Der Name British Lop wurde erst 1960 eingeführt, vorher wurde es als Long White Lop- Eared Pig bezeichnet, was dem auffälligstem Merkmal, den extrem großen Hängeohren entsprach.
Aufgrund der Klimaverhältnisse wurden im weniger sonnigem Norden England die weißen und in Südengland die pigmentierten (schwarzen) British Lop gehalten. 1953 kreuzte man dänische Landrassen zur Leistungssteigerung ein. Die Lops sind eher schlanker und neigen nicht zum starken Fettansatz.

Britisches Sattelschwein (Großbritannien)

British Saddleback

Sau

Gewicht: 250 – 280 kg

Eber

Gewicht: 300 – 350 kg

Beschreibung:
großrahmig, weißes Band über den Schulterblättern bis zu den Vordergliedmaßen ansonsten schwarz mit grauschwarzer Haut, Schlappohren, gute Muttereigenschaften mit bis zu 12 Ferkeln pro Wurf, verträgt Hitze, gutes Weideschwein/Robusthaltung, ruhiges Temperament

Geschichte:
ursprünglich aus dem Wessex Saddleback und dem Essex Saddleback entstanden

1967 kreuzte man schwarze Hamphire und Berkshire Schweine mit Sussex-Schweinen.
Durch Export in die USA und Verpaarung mit den dortigen einheimischen Schweinen entstand das amerikanische Sattelschwein

 

Buschschweine - Potamochoerus larvatus (Afrika)

Buschschwein
Buschschwein (Quelle: Wikipedia, Foto: Cburnett)

Weitere Arten:

⦁ Madagaskar-Buschschwein
⦁ Somali-Buschwein
⦁ Östliches Buschschwein/Weißgesichtiges Buschschwein
⦁ Edwards-Buschschwein
⦁ Tiefland-Buschwein
⦁ Südliches Buschwein

Systematik

Überordnung:         Laurasiatheria

Ordnung:                 Paarhufer (Artiodactyla)

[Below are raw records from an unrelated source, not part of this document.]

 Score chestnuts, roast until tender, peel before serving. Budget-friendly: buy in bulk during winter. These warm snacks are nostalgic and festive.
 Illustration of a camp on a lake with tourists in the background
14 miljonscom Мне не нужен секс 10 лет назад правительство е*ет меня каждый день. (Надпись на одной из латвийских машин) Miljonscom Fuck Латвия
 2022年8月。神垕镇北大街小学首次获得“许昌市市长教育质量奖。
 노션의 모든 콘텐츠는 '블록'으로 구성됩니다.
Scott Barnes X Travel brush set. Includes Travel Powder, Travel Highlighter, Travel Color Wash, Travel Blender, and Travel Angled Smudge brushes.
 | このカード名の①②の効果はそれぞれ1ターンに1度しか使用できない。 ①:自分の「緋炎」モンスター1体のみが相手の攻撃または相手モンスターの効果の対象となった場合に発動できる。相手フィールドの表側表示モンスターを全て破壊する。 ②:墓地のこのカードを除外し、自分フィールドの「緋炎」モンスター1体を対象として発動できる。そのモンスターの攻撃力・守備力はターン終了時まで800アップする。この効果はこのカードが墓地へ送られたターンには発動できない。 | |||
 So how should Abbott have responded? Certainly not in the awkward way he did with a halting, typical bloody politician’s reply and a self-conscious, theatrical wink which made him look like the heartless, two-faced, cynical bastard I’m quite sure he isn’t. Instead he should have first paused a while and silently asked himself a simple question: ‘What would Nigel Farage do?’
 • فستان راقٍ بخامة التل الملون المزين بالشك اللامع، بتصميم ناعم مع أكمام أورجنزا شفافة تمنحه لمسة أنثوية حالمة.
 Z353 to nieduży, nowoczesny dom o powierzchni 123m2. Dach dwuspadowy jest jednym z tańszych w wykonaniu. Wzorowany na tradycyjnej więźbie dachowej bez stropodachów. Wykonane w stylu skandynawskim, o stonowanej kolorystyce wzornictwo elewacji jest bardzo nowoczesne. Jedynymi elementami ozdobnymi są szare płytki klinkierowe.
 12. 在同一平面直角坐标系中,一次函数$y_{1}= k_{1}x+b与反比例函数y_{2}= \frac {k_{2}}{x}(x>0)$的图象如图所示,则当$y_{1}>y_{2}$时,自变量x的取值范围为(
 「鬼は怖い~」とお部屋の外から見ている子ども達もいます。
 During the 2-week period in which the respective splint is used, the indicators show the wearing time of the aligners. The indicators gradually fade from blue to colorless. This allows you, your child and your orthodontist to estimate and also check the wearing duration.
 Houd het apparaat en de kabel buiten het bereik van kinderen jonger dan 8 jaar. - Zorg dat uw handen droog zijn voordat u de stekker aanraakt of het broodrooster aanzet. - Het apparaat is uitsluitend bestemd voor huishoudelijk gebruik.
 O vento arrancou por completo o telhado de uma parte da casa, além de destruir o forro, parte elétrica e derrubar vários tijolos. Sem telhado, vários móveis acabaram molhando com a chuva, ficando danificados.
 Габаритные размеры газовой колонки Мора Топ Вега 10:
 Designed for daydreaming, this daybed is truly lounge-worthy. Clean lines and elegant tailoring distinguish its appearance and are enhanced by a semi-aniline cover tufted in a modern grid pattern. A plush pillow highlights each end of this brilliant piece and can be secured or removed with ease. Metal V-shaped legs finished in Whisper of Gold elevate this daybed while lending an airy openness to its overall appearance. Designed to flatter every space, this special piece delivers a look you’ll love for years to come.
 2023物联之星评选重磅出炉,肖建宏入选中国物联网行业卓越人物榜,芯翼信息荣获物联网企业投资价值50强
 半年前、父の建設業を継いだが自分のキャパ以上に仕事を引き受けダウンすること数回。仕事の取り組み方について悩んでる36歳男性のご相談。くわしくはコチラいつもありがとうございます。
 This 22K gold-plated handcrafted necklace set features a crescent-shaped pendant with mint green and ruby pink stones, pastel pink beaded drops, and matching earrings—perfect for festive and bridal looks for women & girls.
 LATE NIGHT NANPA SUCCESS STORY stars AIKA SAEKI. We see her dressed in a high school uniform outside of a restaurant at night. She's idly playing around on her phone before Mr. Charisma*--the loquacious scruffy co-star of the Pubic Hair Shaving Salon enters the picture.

Unterordnung:        Schweineartige (Suina)

Familie:                    Echte Schweine (Suidae)

Gattung:                   Buschschweine (Potamochoerus)

Art:                            Buschschwein

Sie sind in Afrika die am weitesten verbreitete Schweineart, vor allem in Äthiopien und Südafrika. Sie kommen mit Regen- und Trockenwäldern sowie mit Sumpfregionen und Dornbuschsavannen klar.

Beschreibung:

Zottiges Fell, rötlich-braun bis grau, fast schwarz. Die Rückenmähne ist meistens hell gefärbt. Die männlichen Tiere besitzen warzenartige Auswüchse unterhalb der Augen auf dem Nasenrücken. Sie erreichen eine Widerristhöhe von 55 – 80 cm, sind 100 bis 150 cm lang und bringen ein Gewicht von 55 bis 120 kg auf die Waage.

Sie sind überwiegend nachts aktiv, in vereinzelten Gebieten auch während kühlen Tagesstunden und halten sich im hohen Gras oder dichtem Gebüsch auf. Sie leben in Familiengruppen von 4 – 10 Tieren in einem Revier von vier bis zehn Quadratkilometer. Buschschweine sind territorial, durch Drüsensekrete und durch Kratzen mit den Hauern an Baumstämmen, markieren sie ihren Lebensraum. Die Nahrung besteht aus Wurzeln, Knollen, Früchte und Beeren aber auch Eidechsen, Insekten, Vogeleier und kleinere Wirbeltiere werden nicht verschmäht. 

Ihr natürlicher Feind ist der Leopard, dessen Population stark zurückgegangen ist. Somit konnten sich die Buschschweine stark vermehren und gelten heute als Plage, das sie ganze Plantagen vernichten.